Open-source tool released for testing and tracing AI agents
An engineer at Future AGI posted on Reddit that the company has open-sourced a platform for evaluating and observing AI agent apps. The post says it uses the Apache-2.0 license and can be self-hostable. It says the platform can trace runs in tools like LangChain and LlamaIndex, and can check issues such as factual accuracy, private data, toxic content, jailbreaks, and prompt-injection attacks.
Key points
- Future AGI says it released an AI agent evaluation and tracing platform on GitHub.
- The post says the project uses the Apache-2.0 license and is self-hostable.
- It says tracing is built on OpenTelemetry and can auto-instrument LangChain and LlamaIndex.
- The evaluation SDK includes checks for accuracy, groundedness, toxicity, PII, jailbreaks, and prompt-injection attacks.
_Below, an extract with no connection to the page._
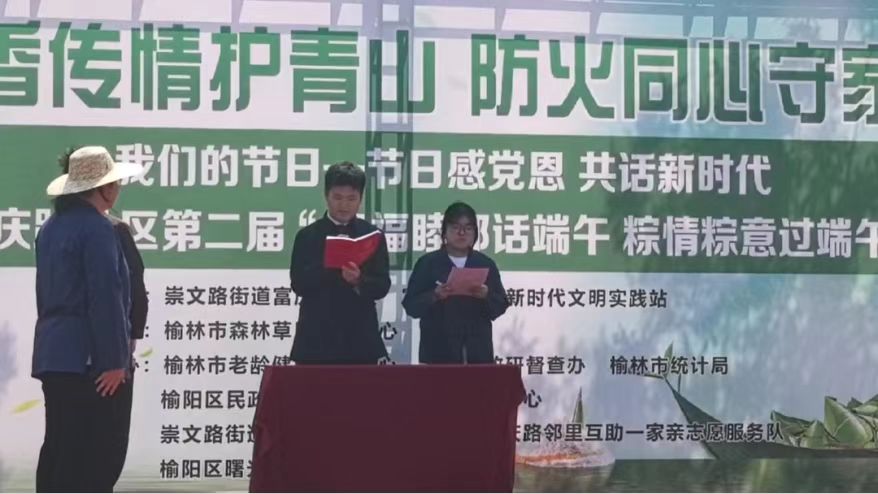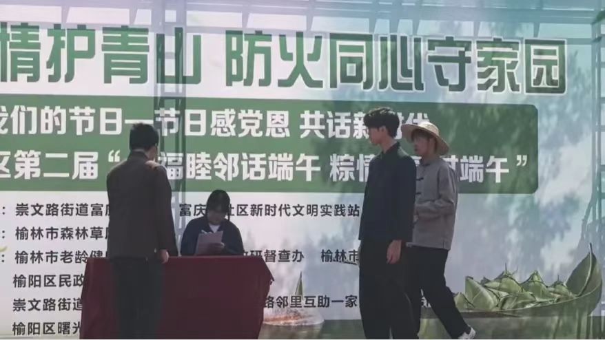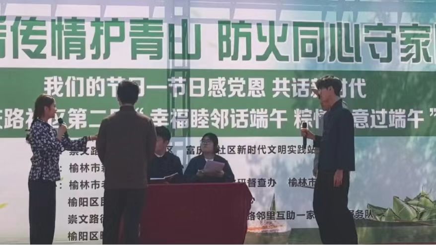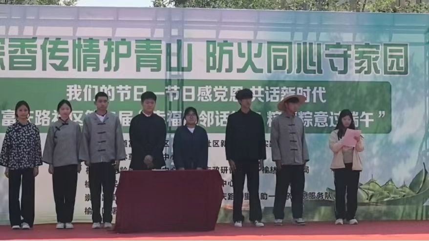 为赓续红色法治血脉,赋能基层治理现代化,“和民善治”法律志愿服务队联合崇文路司法所,深入践行马锡五审判方式的司法为民理念。2025年5月28日,在指导老师折静的带领下,“和民善治”团队前往榆阳区富庆路社区参加第二届“幸福睦邻话端午 粽情粽意过端午”的社区活动,并进行剧本《公正之心》的演出。

- Some deterministic checks can run locally with no network calls, according to the post.
Quick term guide
- open-sourced
- The code has been made public so others can inspect, use, or contribute to it.
- open-source
- Software whose code is shared publicly so others can inspect, use, or change it.
- self-hostable
- Software you install and run on your own server instead of using someone else's cloud service
- prompt-injection
- An attack where text read by the AI includes hidden instructions meant to control it.
- visibility
- How easily people can discover and notice a product.
- OpenTelemetry
- A common toolkit for collecting app and server performance data.
- instrument
- Set up a system so it records useful data about how it is running.
- deterministic
- Giving the same result every time when the input is the same.